Much to my delight, a couple of nights ago, I had the opportunity to partake in tasting some amazing wines for a friends birthday. Wine is usually always a guest at any party I attend, but it is not often that the featured wines are over thirty years old. Needless to say, my husband and I were pretty excited.
My initial experience with older/aged wines, was not so good. I think back and remember my friends and I gingerly opening the vintage finds with pure excitement, however much to our dismay the wine had gone bad - this is always a very sad moment in life, but you keep calm and move on -- to the next bottle.

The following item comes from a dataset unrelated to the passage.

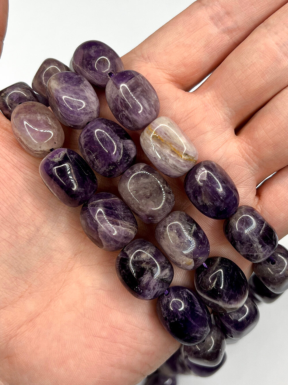 Добавьте изысканности вашим изделиям с аметистовыми бусинами галтовка размером 15-18х12 мм. В каждой нити представлено около 22 бусин, выполненных из натурального камня, что делает их идеальными для рукоделия и создания уникальных аксессуаров. Эти крупные бусины излучают мягкий фиолетовый цвет, придавая вашим проектам особый шарм и утонченность.
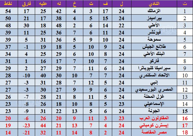 جدول ترتيب الدوري المصري الممتاز بعد الجولة الـ 24

Until that one day, you taste the most amazing aged wine, commence the ‘Ah-Hah’ moment when you begin to appreciate and understand older wines and what they have to offer compared to their younger counterparts.

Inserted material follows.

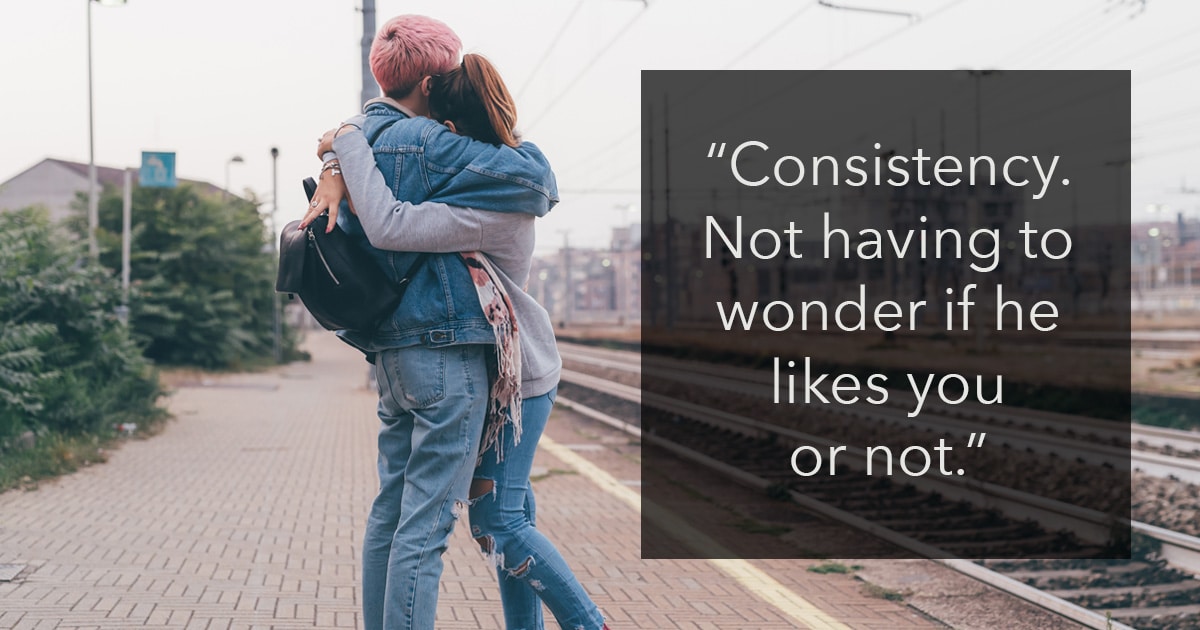 “Consistency. Not getting to marvel if he likes you or not. It feels normal and you really don’t have to wait 1000 several years to reply to textual content. F*** that. If you never come to feel that way, then do not hassle. It is a squander of energy and time. You’ll just be upset.” – hippycutie

My first moment was with a 1968 Clos de la Roche. We were barely able to remove the disintegrating cork out of the bottle, however we succeeded, then carefully poured it into the decanter, and waited ever so patiently. Now it was time to transfer into the glass, and what happened next was nothing short of AMAZING! I was shocked! Not only were the aromas there, but the fresh fruit flavors were stunning, and I have never forgotten that moment. We savored every last drop, and my opinion of old wines was forever changed.
In the same way that I now cherish antiques, I also cherish aged wines. While I love fresh young vintages, it is always a treat to sample something from a different era, and revel in the experience of something new.

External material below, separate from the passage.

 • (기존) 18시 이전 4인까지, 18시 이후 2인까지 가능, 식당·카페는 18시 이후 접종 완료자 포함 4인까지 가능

So back to the party...all of the wines were lovely, but there were two that really stood out. A 1982 Chateau Mouton Rothschild (photographed above)-- I seriously get goosebumps just typing this, not too mention how lucky I am to have a friend that will share this -- Thanks Drake! The second wine was a 1982 Dunn Vineyards Howell Mountain Cabernet Sauvignon. They were both beautiful wines, albeit very different. The Mouton was tasting fantastic, and the Dunn could easily age for ten or more years. Each one had the stunning subtleties that an aged wine can posses, luring you in, asking for more. Thankfully, we tasted these beauties out of Zalto stemware, which really enhanced the experience - see my Zalto post here.
So, does a wine get better with age? Well, probably not as many as one might think. There are many factors that play into whether a wine has aging potential. The reactions involving a wine’s acid, sugar, and tannins can alter the color, aroma, and taste of a wine. These factors, along with grape variety, vintage, farming practices, wine region and winemaking style can all have an affect on a wines ability to age. Then, after considering all of the aforementioned components, you must then review the outside factors, such as proper storage i.e. temperature, humidity, darkness, etc. It is sort of like a perfectly designed room, all the pieces must come together to create a cohesive feel, look, and taste, and when they do, it can be an unforgettable experience.